RTK is a high-precision satellite positioning technique that uses a base station and a rover to correct GNSS satellite signal errors in real time, enabling immediate acquisition of position coordinates with errors on the order of a few centimeters. Traditional surveying using total stations or levels required line-of-sight between survey points and multiple people to perform the tasks, but RTK positioning uses absolute coordinates from satellites so a single person can perform layout and measurements. Also, the setup of control points can be simplified by using network RTK, greatly reducing preparation time.

So, how much can work time actually be reduced by introducing RTK? One demonstration reported that ICT construction (including RTK surveying and drone use) reduced the average duration for road construction initial surveys from 17.7 days to 2.7 days, about a 70% reduction. If surveying processes are made that efficient, it directly shortens overall schedules and reduces labor costs.

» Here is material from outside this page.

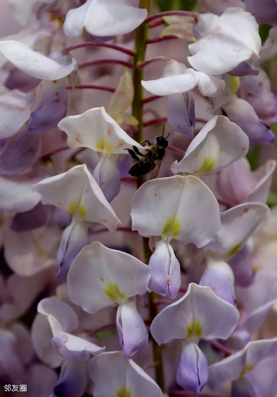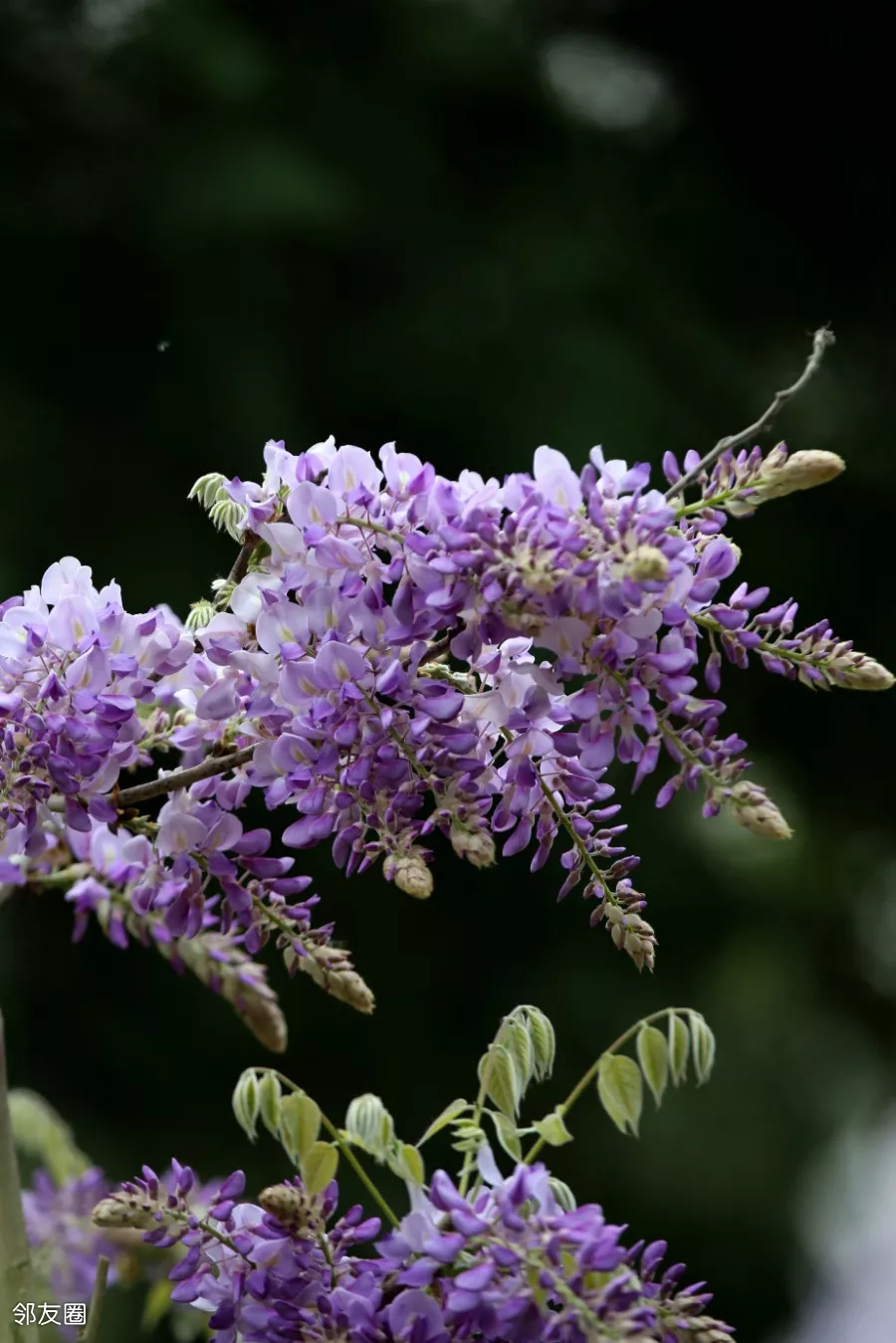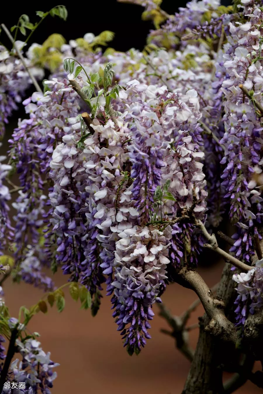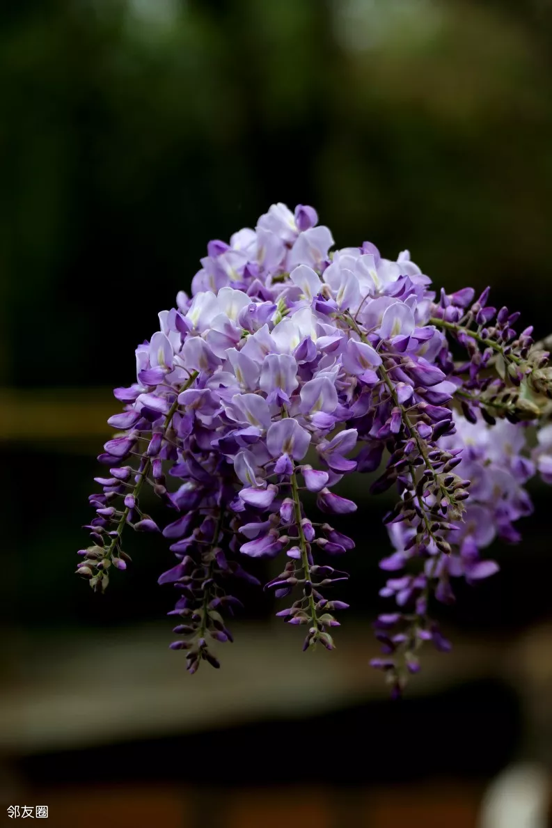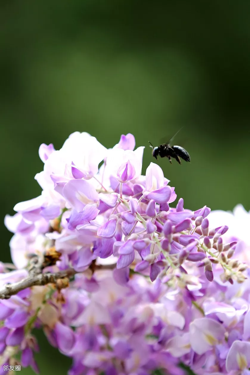在龙字石林的一角,有数株紫藤,老干遒劲,攀石附岩,春末夏初,万花齐发,宛如石头上流下许多紫色的瀑布,意境不俗。蜂、鸟齐至,活脱脱一幅花鸟国画。

This article estimates the efficiency gains RTK brings to various surveying and construction processes. For key tasks—existing condition surveys, as-built measurements, setting out (layout marking), pile driving guidance, boundary surveying, earthwork (volume) calculation, and photo documentation—we consider how much work time can be reduced by utilizing RTK and explore possibilities for business improvement. At the end, we also introduce a simple surveying solution using smartphones called LRTK.

Existing Condition Survey: Efficiency Gains from RTK

First, let's look at efficiency gains in existing condition surveys (topographic surveys) before construction begins. Traditionally, a two-person team with a total station tripod and another person holding the prism measured points one by one. On sites of several hectares, the number of survey points is large, and repositioning equipment and ensuring line-of-sight take time, often occupying a full day.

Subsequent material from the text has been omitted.